Yes, on flax linen and leather before and more importantly on cotton linen after to clean the blade completely of any soap, skin, blood water or oxidation and dry it.
If you look at your bevels with magnification, after you wipe them down before putting the razor away, you will see all the above on the bevels and edge. All of that will oxidize/rust and eat the bevel and edge.
Stropping is your last chance to perfect an edge before it touches your face. Proper stropping is way underrated.
To really demonstrate what stropping does for the edge, try shaving without stropping for a couple days. The edge will most likely get increasing tuggy during the first shave. I don't expect the edge to be even shavable after 2 or 3 shaves. It may even make you want to re-hone, but if you do you will most likely be in the same predicament because the edge started failing.

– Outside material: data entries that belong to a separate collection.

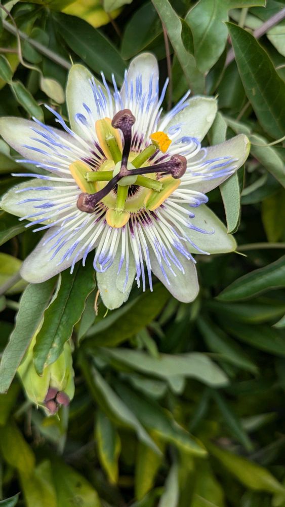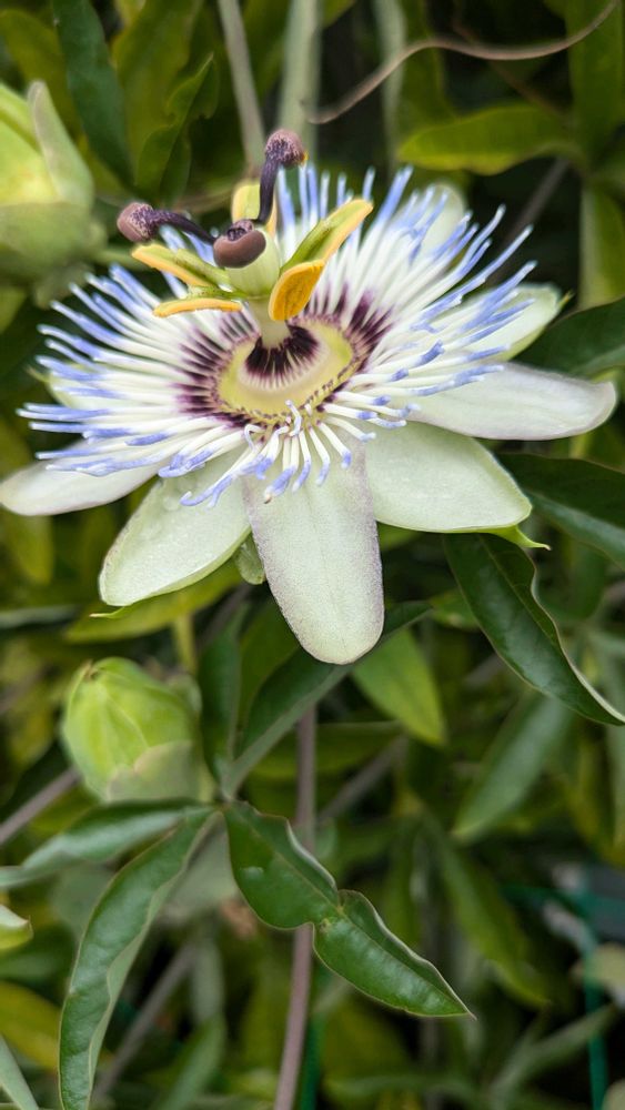 トケイソウのネットの間から顔出しているメガネツユクサもいるよ😁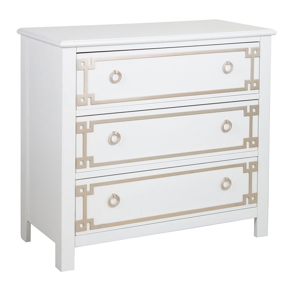 Greek Key 3 Drawer Chest Storage Dresser Accent Furniture
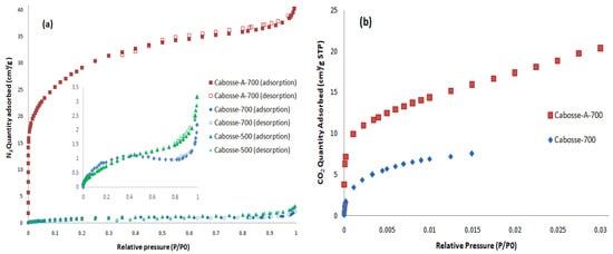 (a) Adsorption–desorption isotherm of cabosse family (, 77 K). (b) Adsorption isotherm of Cabosse-700 and Cabosse-A-700 (, 273 K).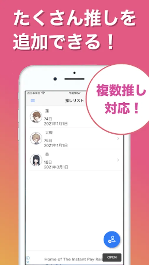 You can create as many dedicated pages as you like for each recommendation! You can set your favorite background image and recommended icon on the dedicated page. Let's set boyfriend, girlfriend, child, pet etc. freely as well as pushing! The number of days elapsed is automatically counted from the day you start pushing. It also automatically counts down important anniversaries such as the 100th anniversary and the 1st anniversary!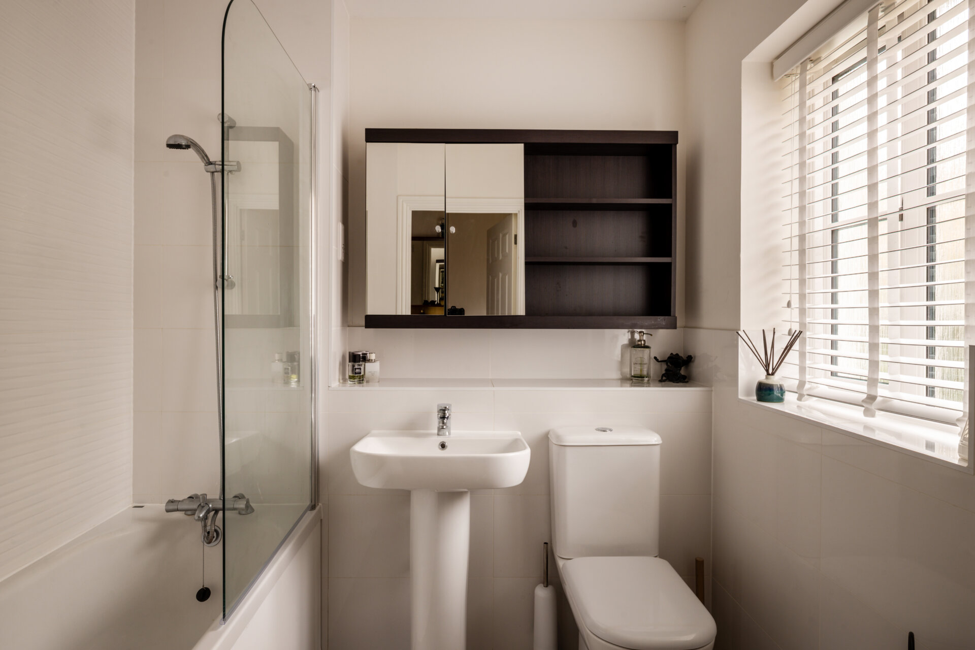 On the first floor, the principal bedroom offers fitted wardrobes and its own en-suite shower room, creating a calm and private retreat. A further bedroom on this level works equally well as a nursery, guest room or dressing room, depending on your needs.

I suffered the woes of improper stropping and ineffective stropping. ( I frequently suffer from frequent assumptions, misinterpretations, cranial flatulence) It took me an embarrassingly long time to "get it" and get squared away. If you use magnification, you can actually see your strop cleaning up the apex. That helped me "get it" also.
Learn to love the fabric component, I had trouble embracing the zoop noises and it held me back.
Cheap out on a learning strop and learn. Then spend as much as you can on a really good strop and enjoy...
So yes, strop daily and stop well..... In fact, your entire straight shaving experience will depend on it.
I always strop before a shave. I go by the sound of the razor on the strop, not a set number of laps. Sometimes I do 10 laps, other times I'll do upwards of 60 or 70.
Different razors need more or less stropping. I find Swedish and Japanese razors need more than Sheffield or Solingen blades, but that is just my opinion based on personal observation.
If it matters, I use a homemade kangaroo leather strop.
For me, 30 laps on linen followed by 60 laps on leather before the first shave and then the same between each subsequent shave. Whether you strop before or after shaving matters. You want to at least strop the edge on cloth after each shave to remove any water and shmutz to avoid any oxidation on the edge.